## Prompt:
Transcribe every entry word for word, leaving out all images.

Stored data:
━━━━━━

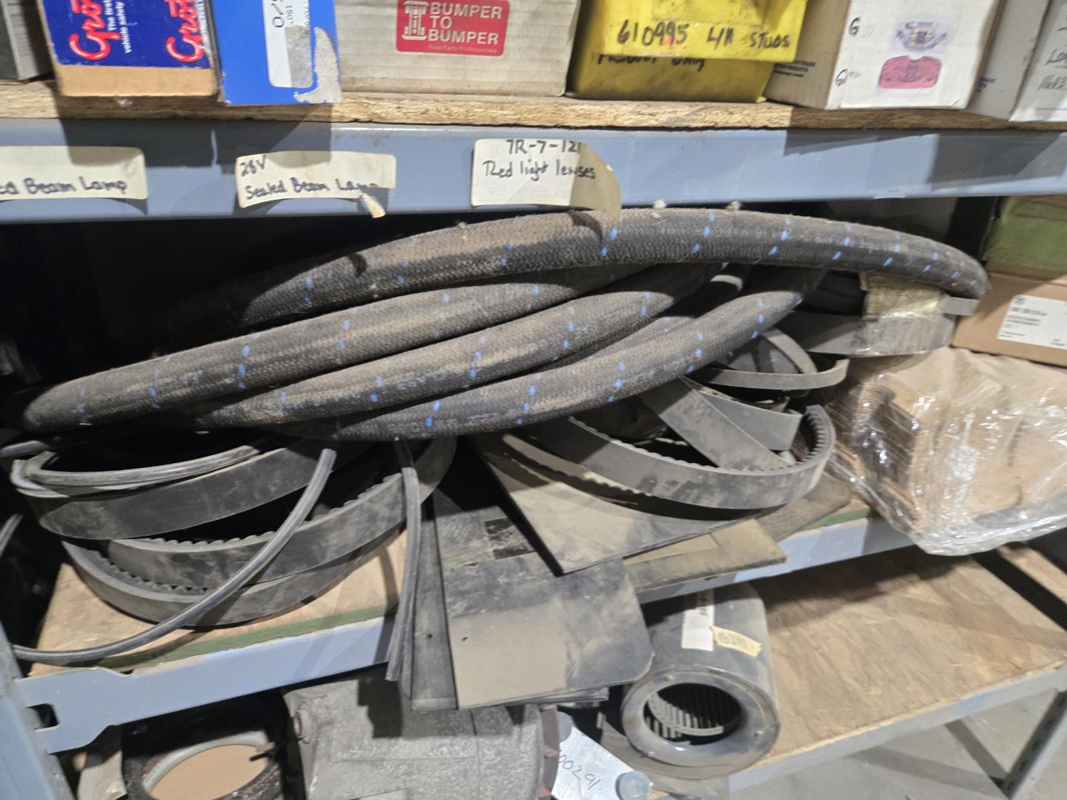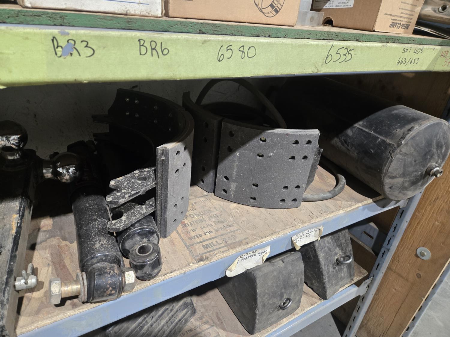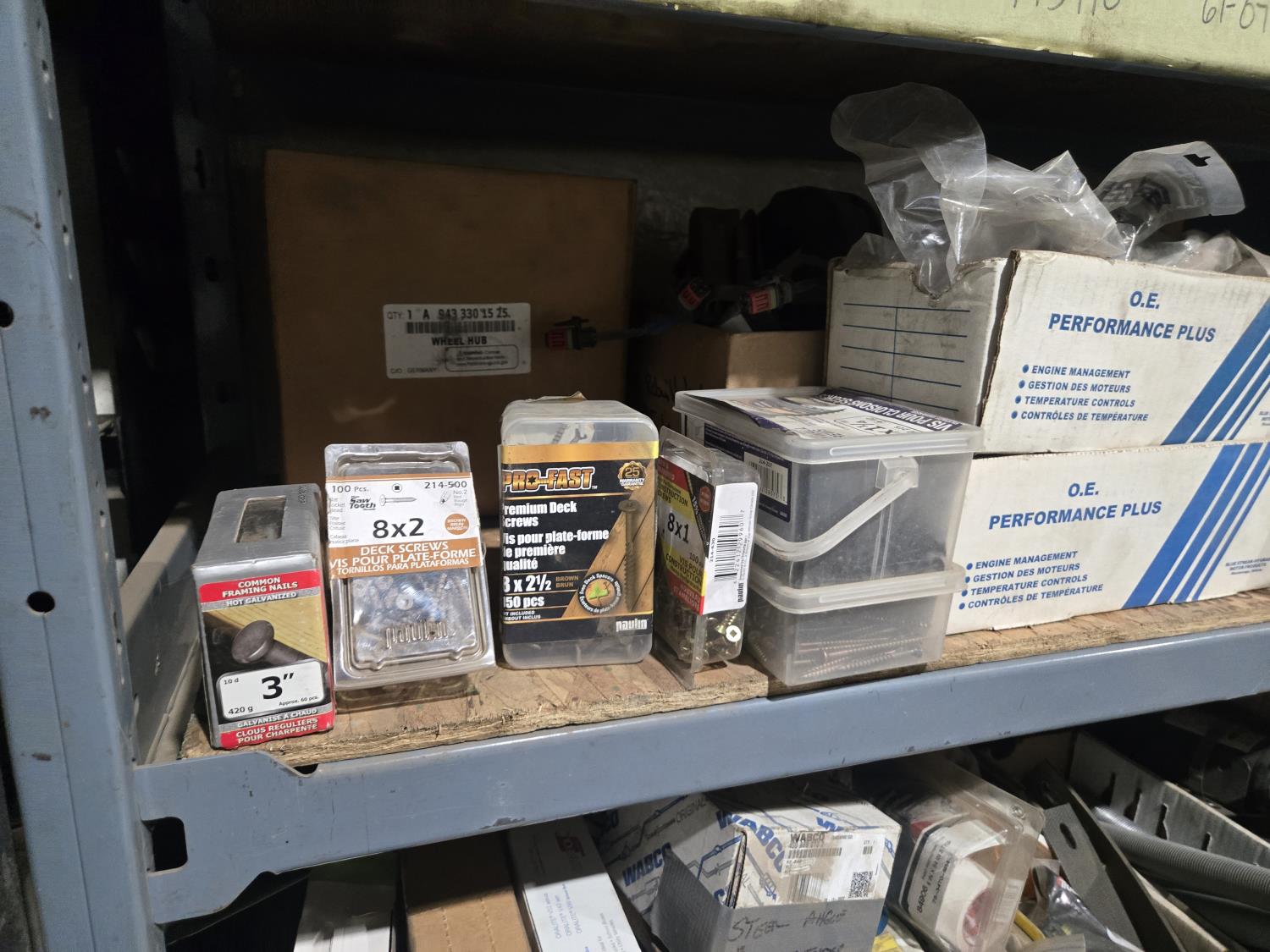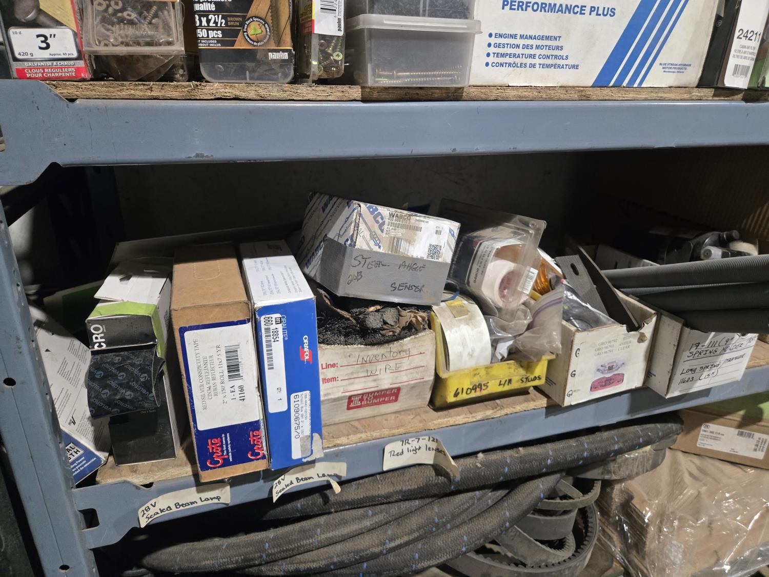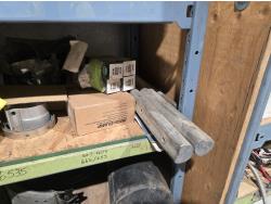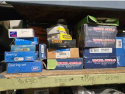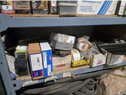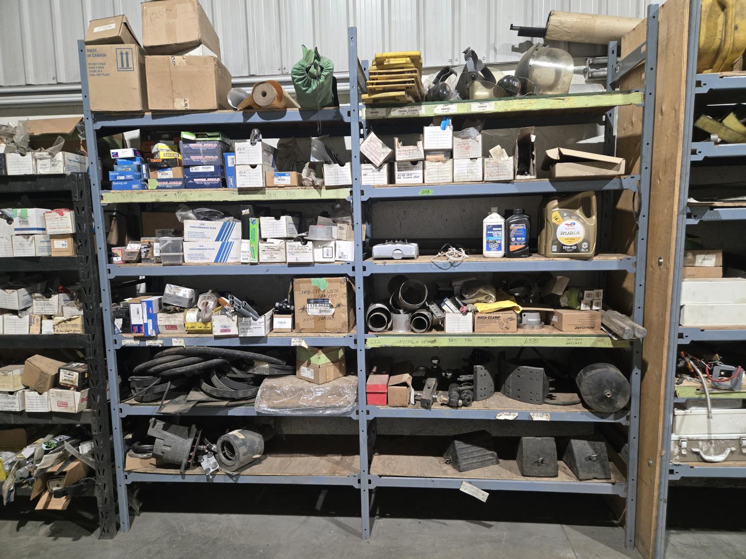 qty of unused & used heavy truck and bus parts, wheels seals, bearing kits, wheel chocks, shock absorbers, alternator, belts, miscellaneous hardware and small parts, shelf unit measures 18 inch deep X 96 inch wide X 96 inch high, shelf can easily be disassembled
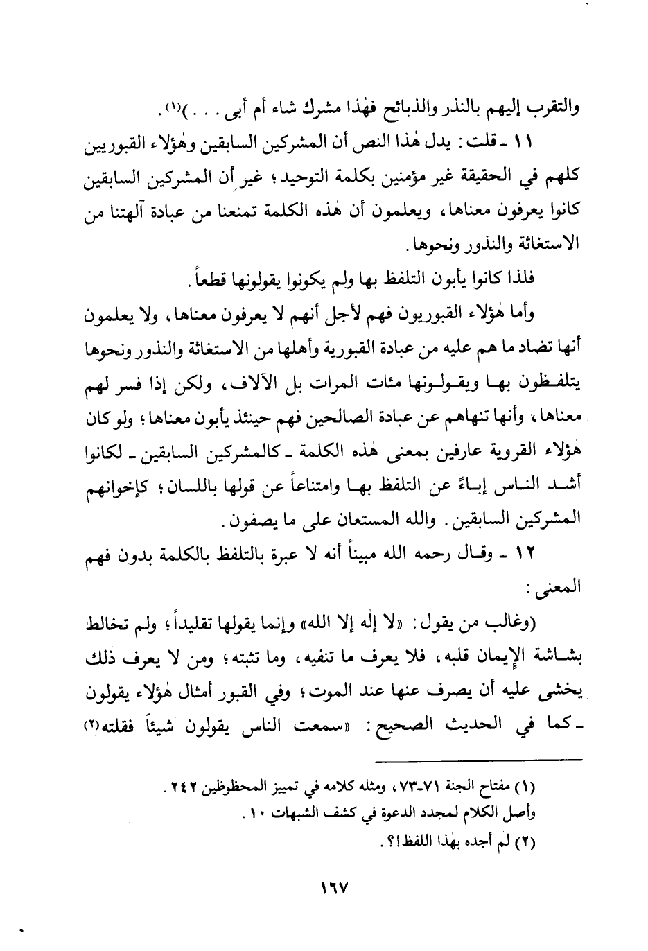 11 - قلت: يدل هذا النص أن المشركين السابقين وهؤلاء القبوريين كلهم في الحقيقة غير مؤمنين بكلمة التوحيد؛ غير أن المشركين السابقين كانوا يعرفون معناها، ويعلمون أن هذه الكلمة تمنعنا من عبادة آلهتنا من الاستغاثة والنذور ونحوها.
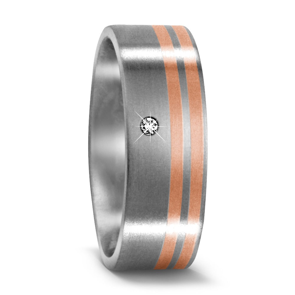 Eleganter Damen-Partnerring aus robustem Titan mit feinen 750er Rotgold-Akzenten. Der Ring besticht durch zwei dezente Rotgoldstreifen und einen funkelnden Diamanten, der dem Schmuckstück einen besonderen Glanz verleiht. Perfekt für verliebte Paare.
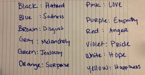 For this artifact I learned that I categorized colors very similarly to how I labelled them in terms of emotion. In the module specifically I learned that there is a difference in emotional expression based on culture but most emotions interpretation is universal which is likely the similarity in color categorization- most of which I aligned with. I chose to include my color categorization below.
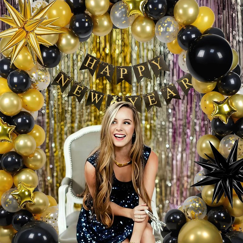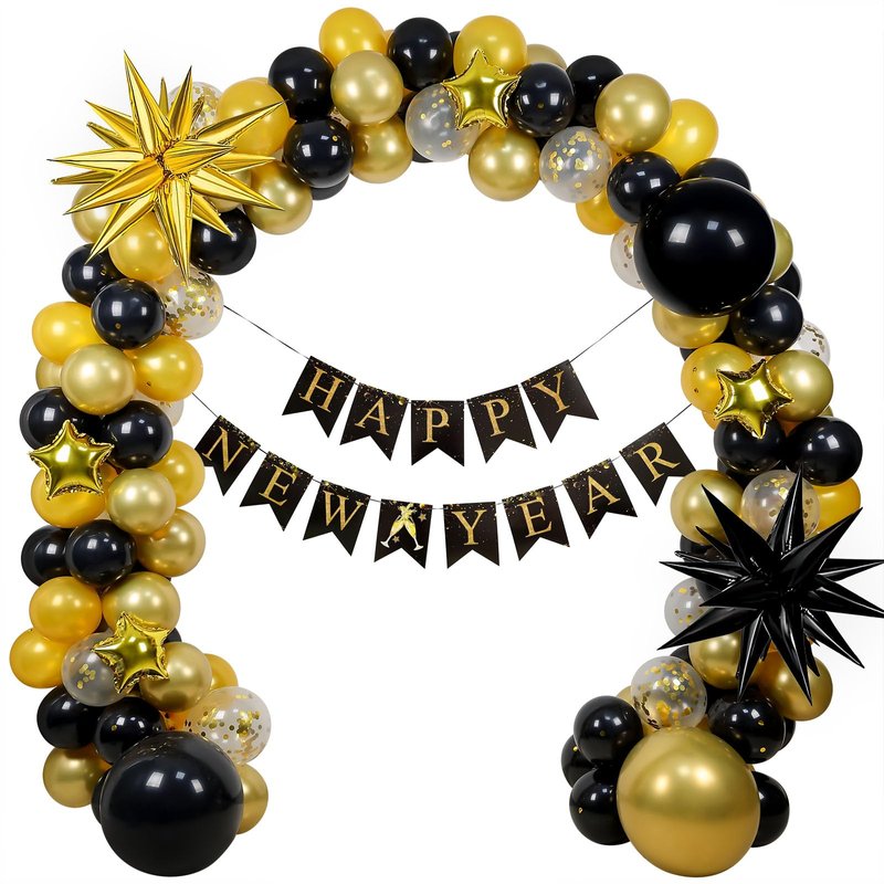 - 2025 New Years Decorations Set -- You will get 1 set HAPPY NEW YEAR banner, 2pcs 22" gold/black stars foil balloon, 4pcs 10" gold stars foil balloons, 3pcs 18" latex balloons, 90pcs 10" latex balloons, 10pcs 12" gold confetti balloons, 1 roll glue, 1 roll 16ft balloon tape. Enough decorations quantity to create a wonderful 2025 New Years Eve Party!

━━━━━━

## Exercise output:
 qty of unused & used heavy truck and bus parts, wheels seals, bearing kits, wheel chocks, shock absorbers, alternator, belts, miscellaneous hardware and small parts, shelf unit measures 18 inch deep X 96 inch wide X 96 inch high, shelf can easily be disassembled
 11 - قلت: يدل هذا النص أن المشركين السابقين وهؤلاء القبوريين كلهم في الحقيقة غير مؤمنين بكلمة التوحيد؛ غير أن المشركين السابقين كانوا يعرفون معناها، ويعلمون أن هذه الكلمة تمنعنا من عبادة آلهتنا من الاستغاثة والنذور ونحوها.
 Eleganter Damen-Partnerring aus robustem Titan mit feinen 750er Rotgold-Akzenten. Der Ring besticht durch zwei dezente Rotgoldstreifen und einen funkelnden Diamanten, der dem Schmuckstück einen besonderen Glanz verleiht. Perfekt für verliebte Paare.
 For this artifact I learned that I categorized colors very similarly to how I labelled them in terms of emotion. In the module specifically I learned that there is a difference in emotional expression based on culture but most emotions interpretation is universal which is likely the similarity in color categorization- most of which I aligned with. I chose to include my color categorization below.
 - 2025 New Years Decorations Set -- You will get 1 set HAPPY NEW YEAR banner, 2pcs 22" gold/black stars foil balloon, 4pcs 10" gold stars foil balloons, 3pcs 18" latex balloons, 90pcs 10" latex balloons, 10pcs 12" gold confetti balloons, 1 roll glue, 1 roll 16ft balloon tape. Enough decorations quantity to create a wonderful 2025 New Years Eve Party!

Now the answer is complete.